Retype the material that follows exactly, limited to the lines from the one with "Dow Jones 短线: 看涨。" through the one with "唐代越窑青釉荷叶形带托瓷盏(见图①)出土", and keep out all pictures.

**SUPPLIED RECORDS**
▬▬▬▬▬▬▬▬▬▬

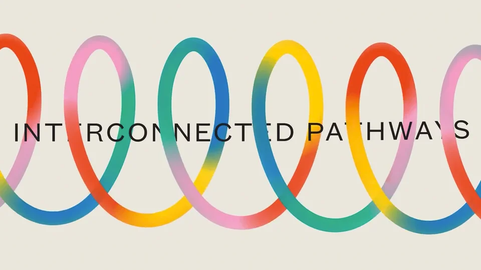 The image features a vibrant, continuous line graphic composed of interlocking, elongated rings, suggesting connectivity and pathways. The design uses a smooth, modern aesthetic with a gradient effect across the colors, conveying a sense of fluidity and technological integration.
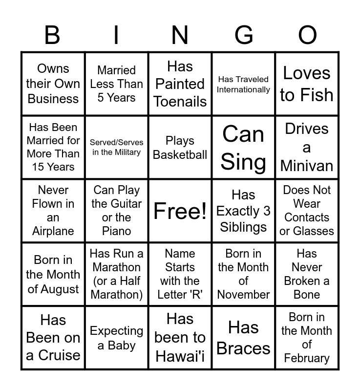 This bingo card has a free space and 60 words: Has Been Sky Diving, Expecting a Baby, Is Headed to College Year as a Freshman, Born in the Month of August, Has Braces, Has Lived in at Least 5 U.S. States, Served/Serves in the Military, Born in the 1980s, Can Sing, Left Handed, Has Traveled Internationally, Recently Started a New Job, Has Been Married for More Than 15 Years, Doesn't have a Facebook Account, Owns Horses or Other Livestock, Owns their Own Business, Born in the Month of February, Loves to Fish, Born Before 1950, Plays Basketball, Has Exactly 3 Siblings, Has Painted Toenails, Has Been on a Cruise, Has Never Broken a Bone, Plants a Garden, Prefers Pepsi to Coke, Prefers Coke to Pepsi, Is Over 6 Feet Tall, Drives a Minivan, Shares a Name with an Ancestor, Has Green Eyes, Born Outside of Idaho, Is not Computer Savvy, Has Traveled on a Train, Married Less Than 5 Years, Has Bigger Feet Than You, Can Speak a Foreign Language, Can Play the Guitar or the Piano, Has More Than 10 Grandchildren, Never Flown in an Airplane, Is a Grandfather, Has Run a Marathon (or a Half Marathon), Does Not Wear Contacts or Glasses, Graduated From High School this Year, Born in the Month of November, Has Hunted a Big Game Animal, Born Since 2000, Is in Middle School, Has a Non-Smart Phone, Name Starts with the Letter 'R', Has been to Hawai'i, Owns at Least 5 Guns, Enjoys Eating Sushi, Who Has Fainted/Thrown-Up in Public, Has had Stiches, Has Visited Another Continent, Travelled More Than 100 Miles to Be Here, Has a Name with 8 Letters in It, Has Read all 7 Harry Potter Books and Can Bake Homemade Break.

▬▬▬▬▬▬▬▬▬▬

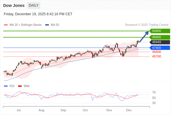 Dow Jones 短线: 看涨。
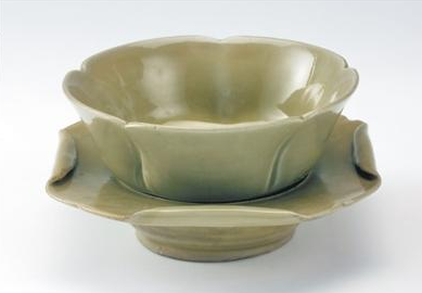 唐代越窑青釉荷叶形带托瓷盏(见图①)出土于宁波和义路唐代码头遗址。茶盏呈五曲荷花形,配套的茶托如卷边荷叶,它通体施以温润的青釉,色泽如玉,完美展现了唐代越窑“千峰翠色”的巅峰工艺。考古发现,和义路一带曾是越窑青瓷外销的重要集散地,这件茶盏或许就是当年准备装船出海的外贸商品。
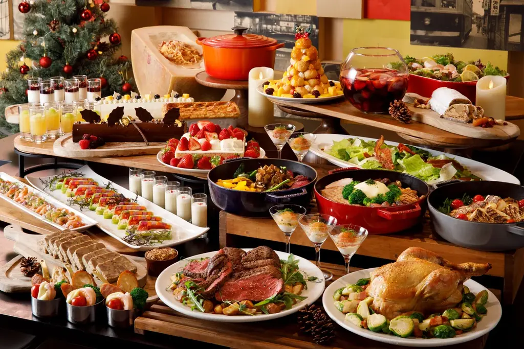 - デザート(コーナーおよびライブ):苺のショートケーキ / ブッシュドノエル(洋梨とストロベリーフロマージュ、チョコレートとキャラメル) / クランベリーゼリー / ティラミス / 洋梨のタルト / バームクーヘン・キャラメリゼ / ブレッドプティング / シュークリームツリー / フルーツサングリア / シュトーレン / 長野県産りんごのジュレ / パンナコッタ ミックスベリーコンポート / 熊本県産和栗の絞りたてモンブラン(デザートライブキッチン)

▬▬▬▬▬▬▬▬▬▬

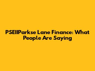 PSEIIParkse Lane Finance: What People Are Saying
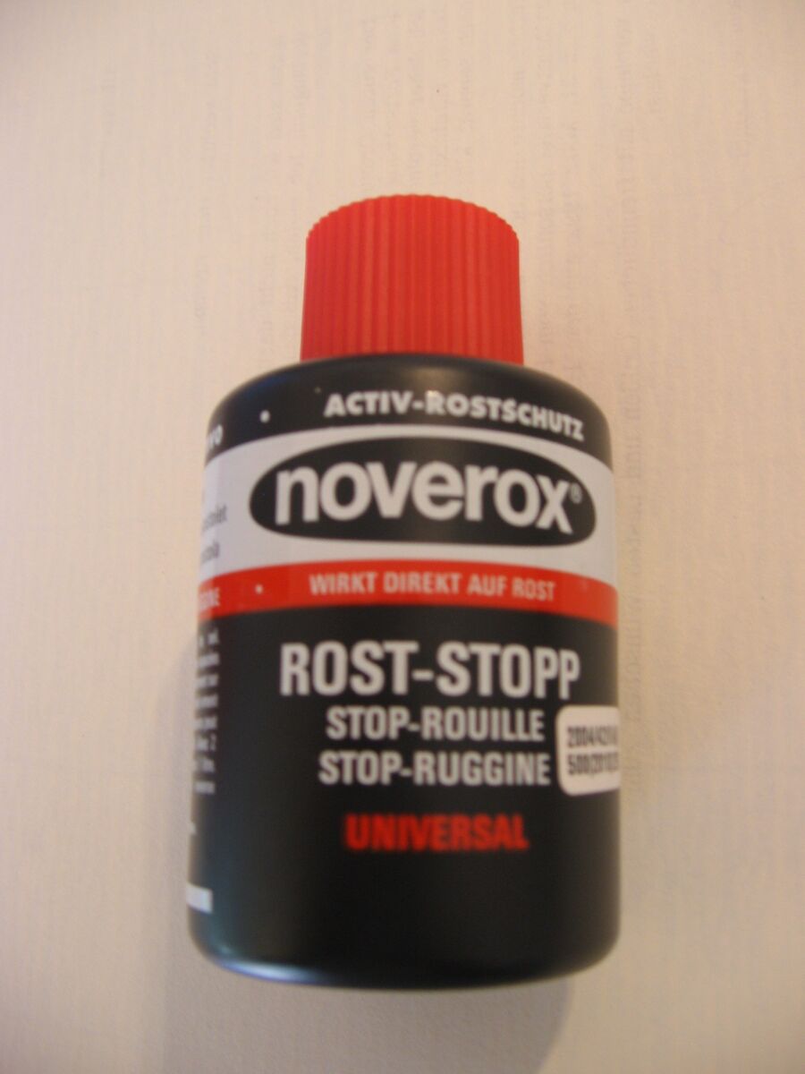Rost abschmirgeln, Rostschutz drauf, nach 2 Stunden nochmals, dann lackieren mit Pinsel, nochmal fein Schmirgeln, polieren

▬▬▬▬▬▬▬▬▬▬

**OUTPUT FOR THIS EXERCISE**
 Dow Jones 短线: 看涨。
 唐代越窑青釉荷叶形带托瓷盏(见图①)出土于宁波和义路唐代码头遗址。茶盏呈五曲荷花形,配套的茶托如卷边荷叶,它通体施以温润的青釉,色泽如玉,完美展现了唐代越窑“千峰翠色”的巅峰工艺。考古发现,和义路一带曾是越窑青瓷外销的重要集散地,这件茶盏或许就是当年准备装船出海的外贸商品。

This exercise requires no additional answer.